These longer RNAs are processed in the nucleus into hairpin RNAs of
70–100 nt by the dsRNA-specific ribonuclease, Drosha (Figure 1). The
hairpin RNAs are transported to the cytoplasm (via a transportin-5
dependent mechanism), where they are digested by a second,
double-stranded RNA (dsRNA)-specific ribonuclease, Dicer. The resulting
19 to 23mer mature miRNA is bound by a complex similar to the
RNA-induced silencing complex (RISC) that participates in RNA
interference (RNAi). In animals, the complex-bound, single-stranded
miRNA binds specific mRNAs through sequences that are significantly —
though not completely — complementary to the mRNA. By a mechanism that
is not fully understood, but which does not involve mRNA degradation as
in RNAi, the bound mRNA remains untranslated, resulting in reduced
expression of the corresponding gene.
MicroRNAs as Regulators of Global Gene
Expression Several hundred
miRNAs have been cloned and sequenced from mouse, human, Drosophila,
Caenorhabditis elegans and Arabidopsis samples. Estimates
suggest that 200–300 unique miRNA genes are present in the genomes of
humans and the mouse. The sequences of many of the miRNAs are homologous
among organisms, suggesting that miRNAs represent a relatively old and
important regulatory pathway (5). In animals, miRNAs are partially
homologous to their mRNA targets. Using similar target selection
criteria, a number of laboratories has predicted the genes miRNAs bind
to and consequently regulate (6, 7). Three points are worth noting about
miRNAs:
1. Each miRNA appears to regulate
the translation of multiple genes, and many genes appear to be regulated
by multiple miRNAs. This could explain why at least some miRNAs have
such broad functionality and also might point to complex translational
control of some genes.
2. It has been predicted that the
expression of as many as 10% of mammalian genes are regulated by miRNAs.

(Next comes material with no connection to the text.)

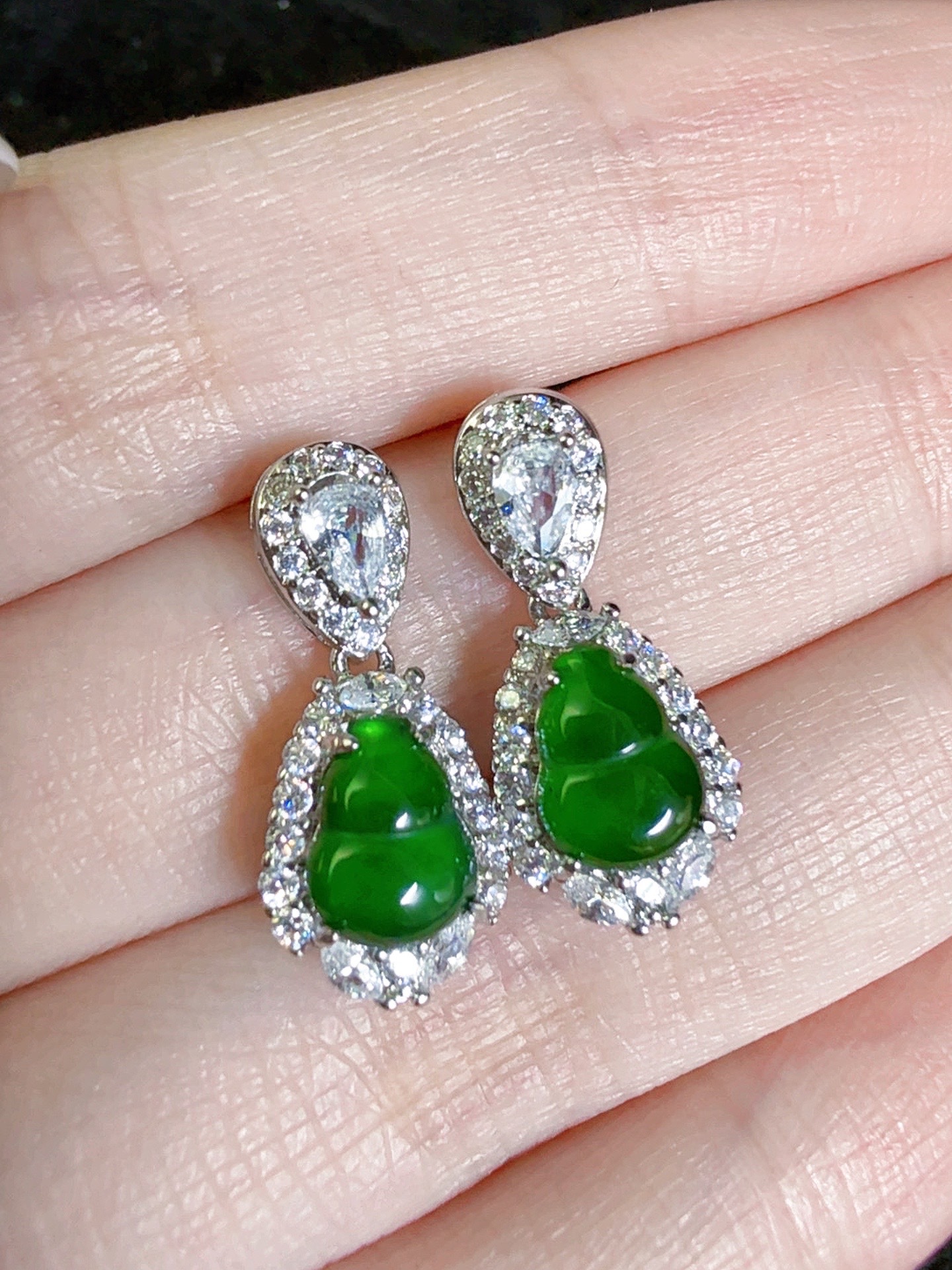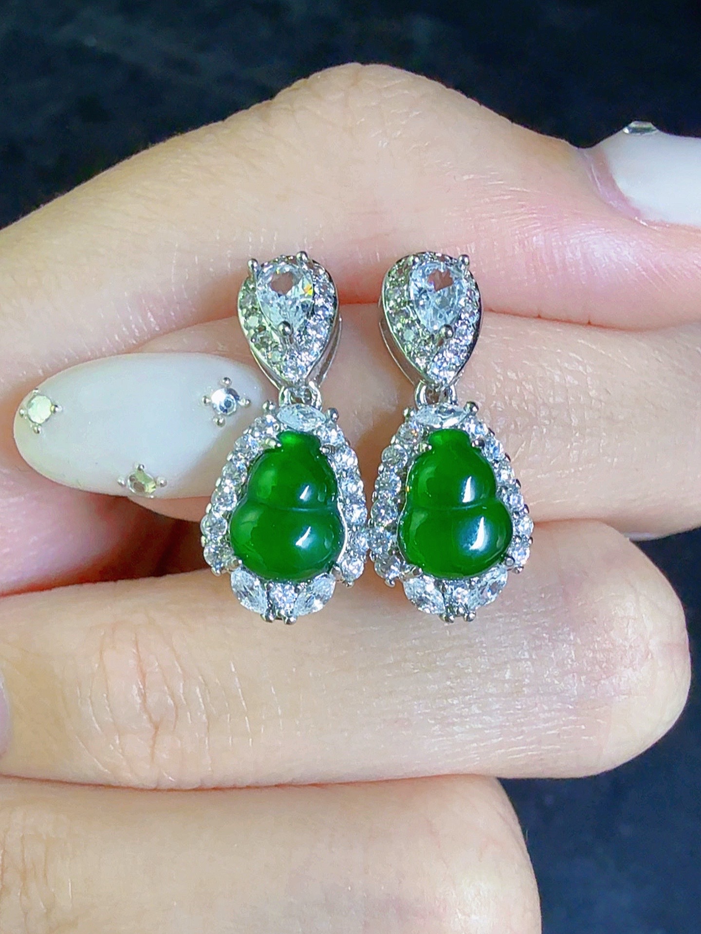天然A货翡翠耳饰轻奢时尚葫芦合金镶DIY耳钉气质高级感直播间爆款
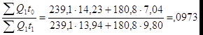 Измерение внутрипроизводственных факторов (внедрение новой техники и технологических процессов, улучшение организации труда и производства и т.д.) выражается в изменении уровней выработки на каждом производственном участке (q1:q0), а изменение структуры изучаемой совокупности - в изменении доли отдельных участков в общих затратах труда (dT1 : dT0).

3. If miRNAs indeed regulate the
translation — but not the stability — of mRNAs, this might at least
partially explain why gene expression profiles based upon mRNA analysis
do not always correlate with protein expression data. As more is learned
about the mRNA targets of different miRNAs, it will be possible to more
accurately assess gene expression for a given sample by combining the
profiles of mRNA and miRNA expression.
Potential Importance of MicroRNAs as
Disease Markers Given the
apparent importance of miRNAs in regulating development and
differentiation, it is likely that mutations that affect miRNA
expression and activity might contribute to oncogenesis. Indeed, at
least five reports have correlated aberrant miRNA expression and miRNA
gene locations with cancer:
1. Chronic lymphocytic leukemia (CLL)
patients commonly exhibit a chromosomal abnormality at 13q14. The genes
for the miRNAs miR-15 and miR-16 are located here and appear to be
deleted in the majority of CLL cases (8).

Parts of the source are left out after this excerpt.